The result was a surprise. If Sabine were under priced, if the current price were less than the present-day value of the future cash flow, I would do better to ride off into the sunset while continuing to hold Sabine. If the resources trust is over priced, I should sell it off right away. For a wide range of price increase rates and discount rates, Sabine seemed overpriced. In a conference with yet another financial firm, I learned that the firm had also done a Sabine evaluation, which also showed it to be over priced. It was a bit of an emotional issue; Sabine was my first love. But, I had to put my money where my mouth is and I sold out my Sabine position.

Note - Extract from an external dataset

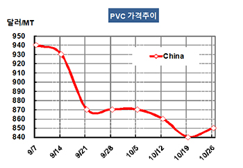 CFR China 850달러로 10달러 올라 … 중국 내수가격은 하락

The same firm had run evaluations of other US and Canadian resources trusts, as well as a different type of evaluation for publicly-traded US oil and natural gas companies. In addition to doing it right, they did a huge amount of work. I have protected the confidentiality of their work, and I ought not to use this university web site to advertise their wares. Further, they are selling an unregistered security and the Securities and Exchange Commission ruling of 1997 restricts their market to individual investors with more than $5 million in total investments. If anyone with more than $5 million in investments wants to send an e-mail to me, I will be happy to forward it to the investment firm. But no cheating, if you have only $4 million invested I'll forward your e-mail address to a Nigerian scam artist.

I've become the least glamorous kind of investor: buy-and-hold. No exotic straddles, no leveraged investments. A year ago, I eagerly read William Poundstone's book Fortune's Formula, in part because Claude Shannon (a founder of information theory) had a prominent role in the book. To my disappointment, Shannon was a stodgy buy-and-hold investor. I was hoping to read about something worthy of a hedge fund.

While I go along happily making a reasonable return on my oil and gas stocks, I have a second worry. If the price of energy goes up, the price of food goes up, and the price of gold goes up, am I simply watching the US dollar shrink? Is the almighty dollar riding off into the sunset? In one sense, my investments are a bank account denominated in barrels of oil instead of in dollars. It makes me nervous. Is the dollar sinking in the western sky?